Example scenario with failover, splits are restarted before loading the
tenant data:
BM - BlobManager
epoch 3: epoch 4:
BM record intent to split.
Epoch fails.
BM recovery begins.
BM fails to persist split.
BM recovery finishes.
BM.checkBlobWorkerList()
maybeSplitRange().
BM.monitorClientRanges().
loads tenant data.
bin/fdbserver -r simulation -f tests/slow/BlobGranuleCorrectness.toml \
-s 223570924 -b on --crash --trace_format json
* blob: add tuple key truncation for blob granule alignment
FDB has a backup system available using the blob manager and blob
granule subsystem. If we want to audit the data in the blobs, it's a lot
easier if we can align them to something meaningful.
When a blob granule is being split, we ask the storage metrics system
for split points as it holds approximate data distribution metrics.
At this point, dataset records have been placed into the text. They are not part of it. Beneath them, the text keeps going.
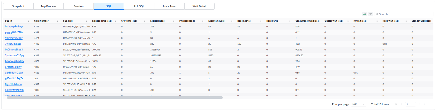 Performance Chart의 SQL 영역에서는 상단의 그래프를 클릭했을 때 해당 구간의 각 세션에서 수행한 SQL 목록을 보여준다. SQL ID 클릭시 해당 SQL 에 대한 SQL Detail 페이지로 전환된다.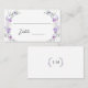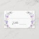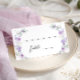 Elegant pastel botanical place cards, featuring lilac and purple watercolor flower blooms intertwined with lush greenery and eucalyptus leaves. Perfect for modern bridal showers, spring summer weddings, or other stylish nature themed celebrations.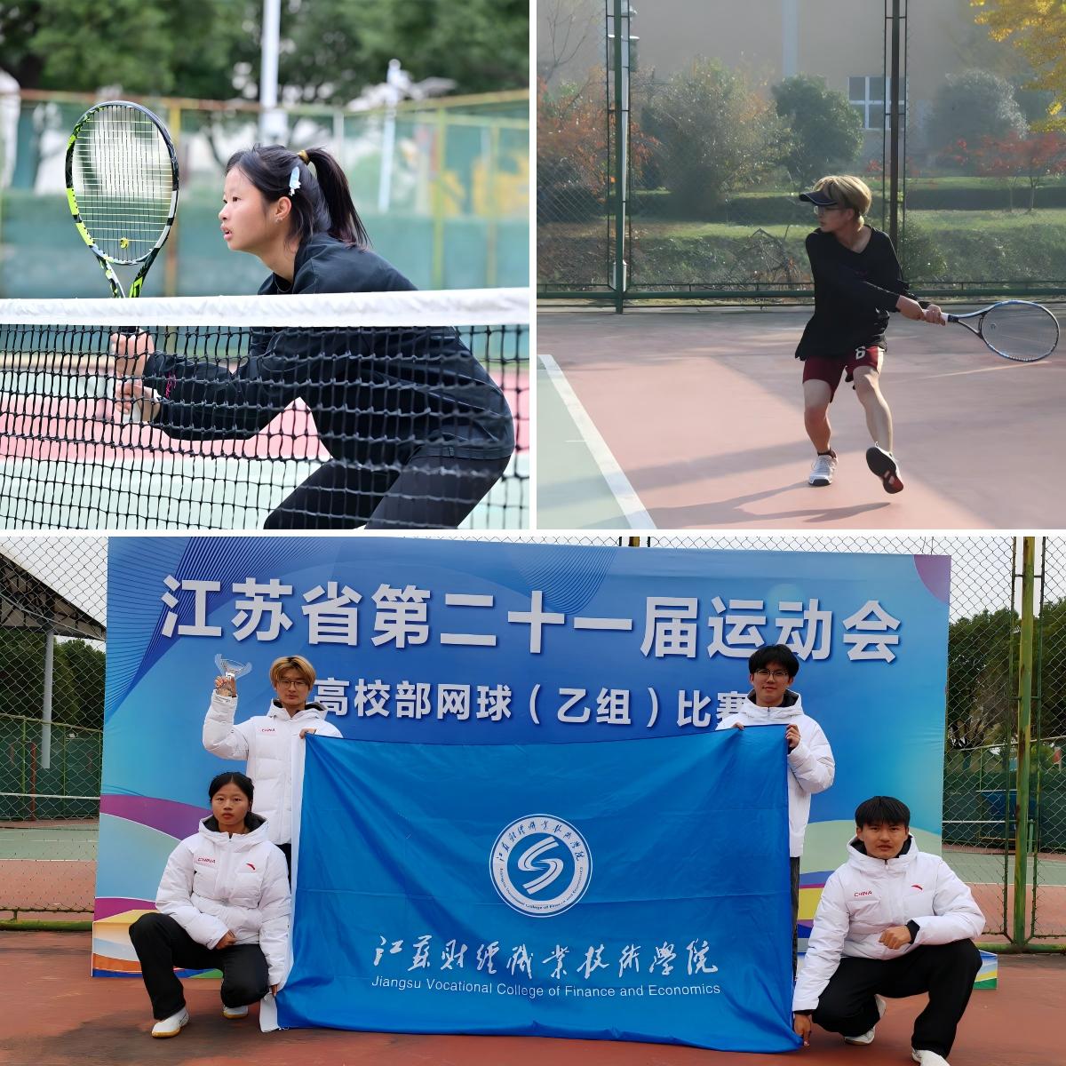 本次比赛经省政府批准,由省教育厅、省体育局联合主办,江苏建筑职业技术学院承办,汇聚了全省31所高职院校的151名运动员同场竞技。我校网球队由体育工作部刘春晓、王军两位老师担任教练,我校校友赵国名担任辅教,队员包括25级大数据与会计专业孙梓程、23级大数据与会计专业毕蕾洁、24级视觉传达专业刘磊、23级现代物流专业田欣等同学。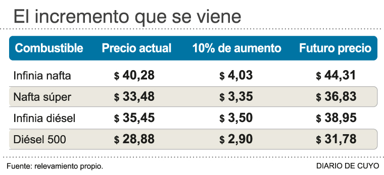 Es el porcentaje en promedio de la última suba de los combustibles, liderada por YPF, el domingo 19 de agosto pasado. Fue la segunda modificación de las tarifas dentro del mismo mes.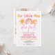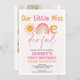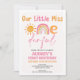 Cor-de-rosa Sun Rainbow Miss primeiro aniversario Incêndio Maravilhoso Brilhante coloriu nosso pequeno convite de primeiro aniversario para uma menina apresentando um sol, arco-íris e texto em rosa-quente e laranja. Esta garota perdeu um maravilhoso primeiro convite de aniversário tem uma foto nas costas.

These keys are then processed to determine if they are a tuple and
should be truncated according to the new knob,
BG_KEY_TUPLE_TRUNCATE_OFFSET.
Here we keep all aligned keys together in the same granule even if it is
larger than the allowed granule size. The following commit will address
this by adding merge boundaries.
* blob: minor clean ups in merging code
1. Rename mergeNow -> seen. This is more inline with clocksweep naming
and removes the confusion between mergeNow and canMergeNow.
2. Make clearMergeCandidate() reset to MergeCandidateCannotMerge to make
a clear distinction what we're accomplishing.
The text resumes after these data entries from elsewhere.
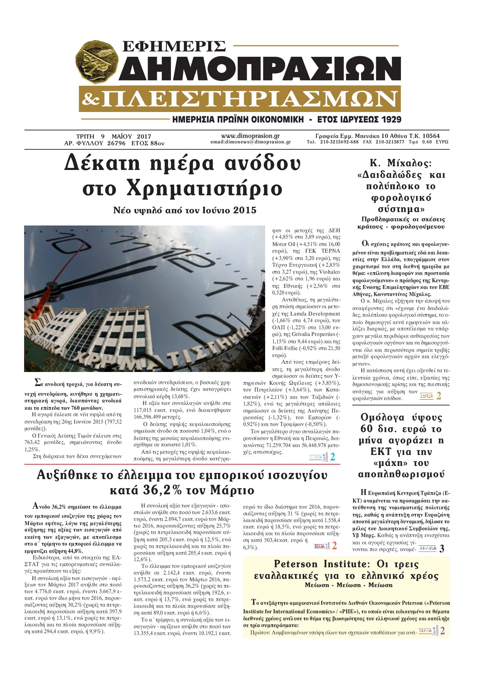 Οι οικονομικές εφημερίδες 9/5/2017 Enikos Newsroom 06:21, Τρίτη 09 Μαΐου 2017 Media Διαβάστε τα σημερινά πρωτοσέλιδα των οικονομικών εφημερίδων: ΟΙΚΟΝΟΜΙΚΕΣ ΕΦΗΜΕΡΙΔΕΣ ΠΡΩΤΟΣΕΛΙΔΑ Μοιράσου το: σχολίασε κι εσύ (0 σχόλια) Ακολουθήστε το enikos.gr στο Google News και μάθετε πρώτοι όλες τις ειδήσεις Δείτε όλες τις τελευταίες ειδήσεις από την Ελλάδα και τον Κόσμο στο enikos.gr Ειδήσεις Ροή Ειδήσεων 2 ώρες πριν Αυξάνουν την πίεση προς την κυβέρνηση οι αγρότες: Κλείνουν παρακαμπτήριους και ανοίγουν διόδια – Τι θα γίνει τις γιορτές 1 ώρα πριν ΟΠΕΚΕΠΕ: Προφυλακιστέος ο φερόμενος αρχηγός και ο λογιστής της εγκληματικής οργάνωσης 2 ώρες πριν Φοινικούντα: Το Σάββατο απολογείται ο 30χρονος γιος γνωστού επιχειρηματία της Πλάκας που παραδόθηκε – Όσα είπε στους αστυνομικούς και ο ρόλος του στο έγκλημα 2 ώρες πριν Μπορεί ο Μαδούρο να αντέξει τον αποκλεισμό του Τραμπ; Τι θα χρειαστεί η Ουάσινγκτον για να τον ανατρέψει 3 ώρες πριν Πρίγκιπας Ουίλιαμ – Κέιτ: Η νέα οικογενειακή φωτογραφία για τις Χριστουγεννιάτικες κάρτες του 2025 3 ώρες πριν Ύπνος: Η απλή βραδινή ρουτίνα για να προστατεύσετε τα μαλλιά σας από το κρύο κατά τη διάρκεια του χειμώνα 4 ώρες πριν Manifesting: Πώς να συναντήσετε τον σύντροφο της ζωής σας, ανάλογα με τον μήνα γέννησής σας 2 ημέρες πριν 20 χρόνια τα Χριστούγεννα ξεκινούν στα Public με μεγάλη ποικιλία σε δώρα! 2 ώρες πριν Αρχαιολόγοι ανακάλυψαν ρωμαϊκά τεχνουργήματα από μια πόλη που δεν υπήρξε ποτέ – Τα τρία εντυπωσιακά κτίρια και ο αμφορέας με τις… σαρδέλες 8 λεπτά πριν Conference League: Απευθείας στους «16» η ΑΕΚ Λάρνακας και η Ρακόβ των Σβάρνα και Κωνσταντόπουλου – Τα αποτελέσματα και η βαθμολογία, 3η η ΑΕΚ 18 λεπτά πριν Σε ομάδες που συνδέονται με το ρωσικό κράτος αποδίδει η Δανία δύο κυβερνοεπιθέσεις που δέχθηκε 33 λεπτά πριν Βαθμολογία UEFA: Η Πολωνία προσπέρασε την Ελλάδα 49 λεπτά πριν Conference League: Οι ομάδες που προκρίθηκαν στους «16» και τα «ζευγαρώματα» στα νοκ άουτ 58 λεπτά πριν ΑΕΚ – Κραϊόβα 3-2: Επική ανατροπή και πρόκριση στους «16» του Conference League η Ένωση ENIKOS NETWORK Σε περίοδο αυξημένης δραστηριότητας η γρίπη στην Ελλάδα-Μέτρα προστασίας από τον ΕΟΔΥ Σκέφτεστε συνέχεια συζητήσεις που έχετε κάνει; Τι σημαίνει αυτό, σύμφωνα με ειδικό Στεγαστικό: Τι λέει η ΠΟΜΙΔΑ για τα νέα μέτρα που ανακοίνωσε ο Κυριάκος Μητσοτάκης Λαγκάρντ: Αισιόδοξη για την ανάπτυξη της Ευρωζώνης, αβέβαιη για τον πληθωρισμό Χαρτογραφώντας το «σημείο χωρίς επιστροφή»: Για πρώτη φορά αποκαλύπτεται με λεπτομέρεια το ακανθώδες όριο της ατμόσφαιρας τ... Η Google καταργεί τη λειτουργία «dark web report» – Πώς θα μπορούν οι χρήστες να διαγράφουν τα δεδομένα τους περισσότερα 17:45 , Πέμπτη 18 Δεκεμβρίου 2025 ROUK ZOUK: Εορταστικό επεισόδιο με καλεσμένους τους πρωταγωνιστές του «Γιατί ρε πατέρα» Το Σάββατο 20 Δεκεμβρίου στις 21:00, η Ζέτα Μακρυπούλια υποδέχεται εκλεκτούς ηθοποιούς που όλο... 17:20 , Πέμπτη 18 Δεκεμβρίου 2025 Άγιος έρωτας: Η Χριστίνα εξομολογείται στον πατέρα Νικόλαο, απόψε στις 21:00 στον Alpha Η Νότα αποφασίζει να εκδικηθεί τον Πέτρο και τον Στέφανο, για χάρη του Λούη, όμως τα πράγματα ... 16:50 , Πέμπτη 18 Δεκεμβρίου 2025 Να μ’ αγαπάς: Ζωή και Φωτεινή συμφιλιώνονται ως μάνα με κόρη, απόψε στις 20:00 Η ταυτότητα του Άγγελου αποκαλύπτεται στο νέο επεισόδιο της σειράς “Να μ’ αγαπάς... 15:52 , Πέμπτη 18 Δεκεμβρίου 2025 Το Σπίτι Δίπλα Στο Ποτάμι: Το καθηλωτικό τελευταίο επεισόδιο για το 2025 απόψε στις 22:30 Καθηλώνει το σημερινό επεισόδιο της σειράς “Το Σπίτι Δίπλα Στο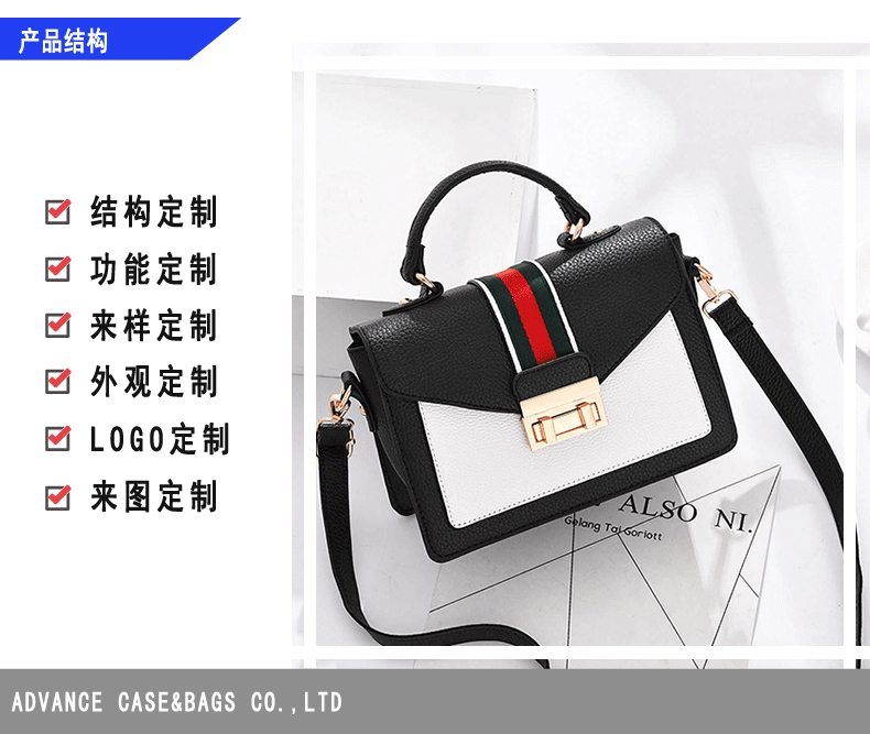 廠家定制時(shí)尚女包,單肩包,簡(jiǎn)約派的斜挎包,簡(jiǎn)約的設(shè)計(jì)風(fēng)格,大氣的五金搭配,走線勻稱,內(nèi)部實(shí)用,顏色正,質(zhì)感好。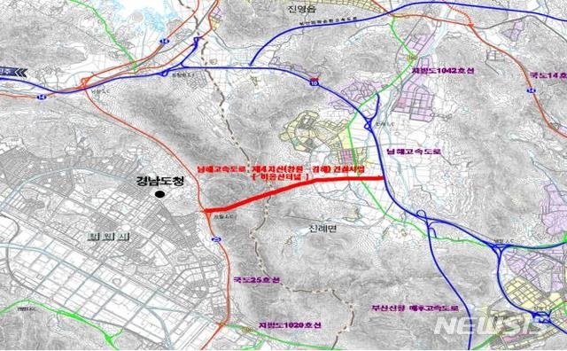 [김해=뉴시스] 김상우 기자 = 장기 현안사업으로 남아 있는 창원과 김해를 연결하는 비음산터널 건설이 김해~밀양 고속도로 창원 노선 연장으로 실마리가 풀리고 있다.

3. Rename canMergeNow() -> mergeEligble().
* blob: add explicit (hard) boundaries
Blob ranges can be specified either through explicit ranges or at the
tenant level. Right now this is managed implicitly. This commit aims to
make it a little more explicit.
Blobification begins in monitorClientRanges() which parses either the
explicit blob ranges or the tenant map. As we do this and add new
ranges, let's explicitly track what is a hard boundary and what isn't.
When blob merging occurs, we respect this boundary. When a hard boundary
is encountered, we submit the found eligible ranges and start looking
for a new range beginning with this hard boundary.
* blob: create BlobGranuleSplitPoints struct
This is a setup for the following commit. Our goal here is to provide a
structure for split points to be passed around. The need is for us to be
able to carry uncommitted state until it is committed and we can apply
these mutations to the in-memory data structures.
* blob: implement soft boundaries
An earlier commit establishes the need to create data boundaries within
a tenant. The reality is we may encounter a set of keys that degnerate
to the same key prefix. We'll need to be able to split those across
granules, but we want to ensure we merge the split granules together
before merging with other granules.
This adds to the BlobGranuleSplitPoints state of new
BlobGranuleMergeBoundary items. BlobGranuleMergeBoundary contains state
saying if it is a left or right boundary. This information is used to,
like hard boundaries, force merging of like granules first.
We read the BlobGranuleMergeBoundary map into memory at recovery.